沐扶霜一言不发地盯着他,旋即失笑,咬牙道:“好,好得很。”
话毕施展轻功跃上房梁,眨眼便消失不见。
待沐扶霜离去后,韩瑾秋当即乘马车前往相府。
自从得知柳柒中了昆山玉碎蛊之后,他每日都在翻阅旧籍研制解蛊之药,然而此蛊太过阴毒,纵然是他亲手所研制,也无法配出驱解此蛊的方子。
目前唯一能做的便是依据其中几味至毒之虫的阳-精调制出暂时压制其淫-性的药,将蛊发时间推迟几日,关键时刻或许能保柳柒一命,不至于肠穿肚烂而死。
他来到相府时,柳柒刚用完早膳,两人在中院的花厅会面,同时到场的还有云时卿。
韩瑾秋虽早已知悉他二人之间的关系,但当云时卿在相府出现时,他还是会有些惊诧。
云时卿解释道:“端午那晚我在沈少卿府上被沐教主所伤,幸得大人相救,这些天一直在大人府上养伤。”
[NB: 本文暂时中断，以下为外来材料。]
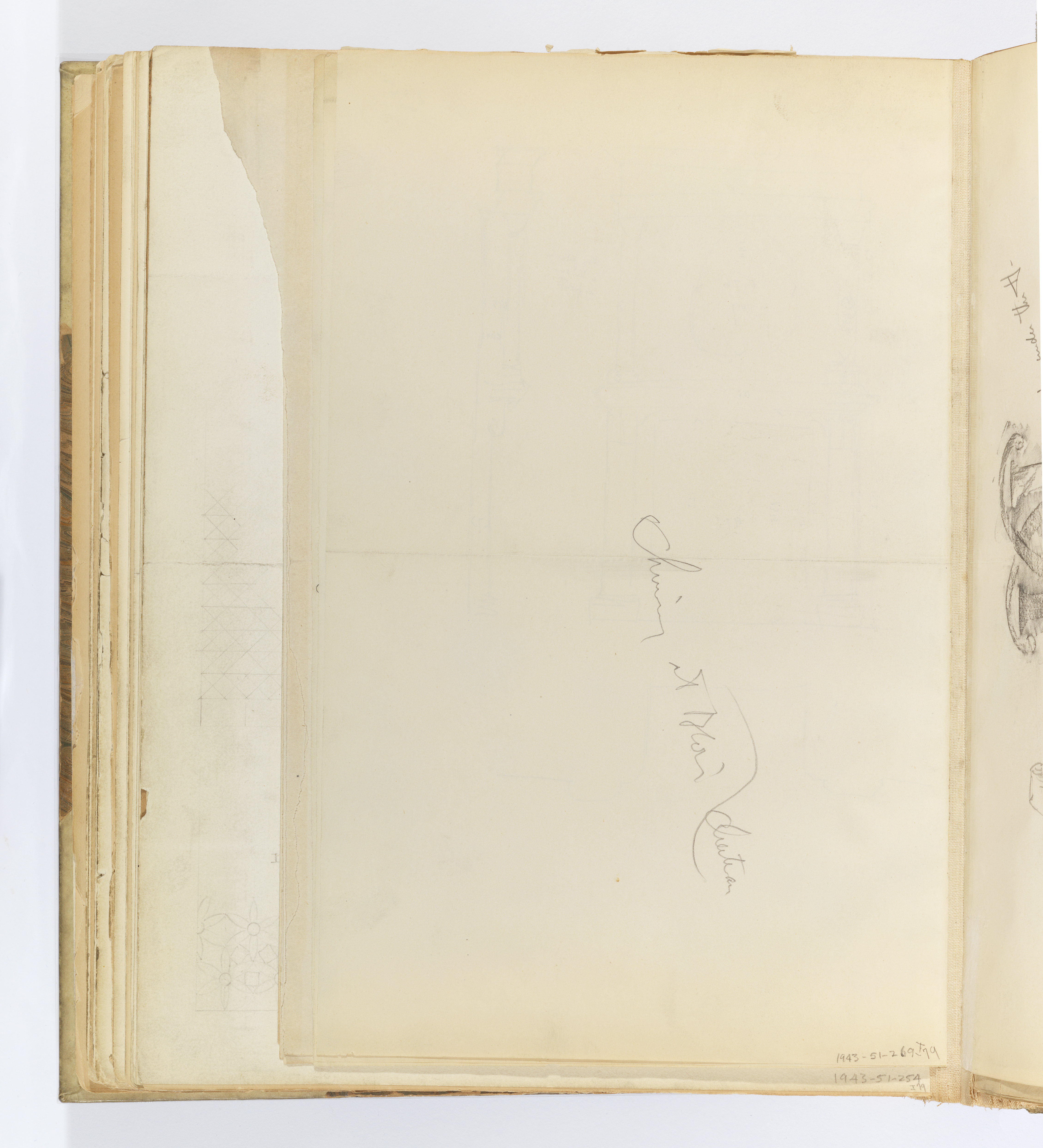 Album Page, Sketches of Pilaster and Architectural Details, Possibly from a Fireplace at Château de Blois, France; Whitney Warren Jr. (American, 1864–1943); France; graphite on very smooth, off-white wove paper tipped into binding with fabric; Sheet: 20 x 31.1 cm (7 7/8 x 12 1/4 in.), irregular; Gift of Mrs. William Greenough; 1943-51-269
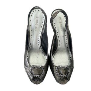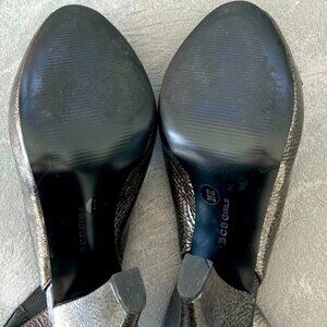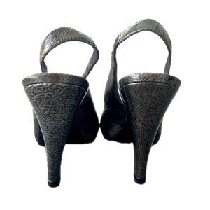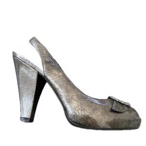 Adorable sling back peep toe heels. Textured pewter color has a slight green hue and a silver buckle. Chunky 4” heel makes these shoes easy to walk in! Only wear is on inner sole which isn’t visible while wearing. Like new exterior, no scratches or scuffs!

韩瑾秋道:“此事亦是因韩某而起,害得云大人受伤,实非我所愿。”
“韩御史给的药颇有奇效,倒是让云某少受了许多苦。”云时卿笑了笑,又道,“云某曾猜测韩御史与沐教主有一段情史,不知是否如此?”
韩瑾秋怔了怔,无奈道:“旧日恩怨,不提也罢。”话毕取下腰间的荷包递给柳柒,“这是韩某调制的几味药丸,柳相可于月中之前服下一粒,可暂时延缓蛊毒复发的时日,必要时刻或许能派上用场。”
柳柒自入了花厅之后就没怎么开口,此刻得韩瑾秋相赠药丸,遂客客气气地接过荷包:“多谢韩御史。”
云时卿似笑非笑地看着他。
“韩某还有要事处理,便不叨扰了。”韩瑾秋并未发现柳柒的异样,说罢起身请辞,“柳相、云大人,告辞。”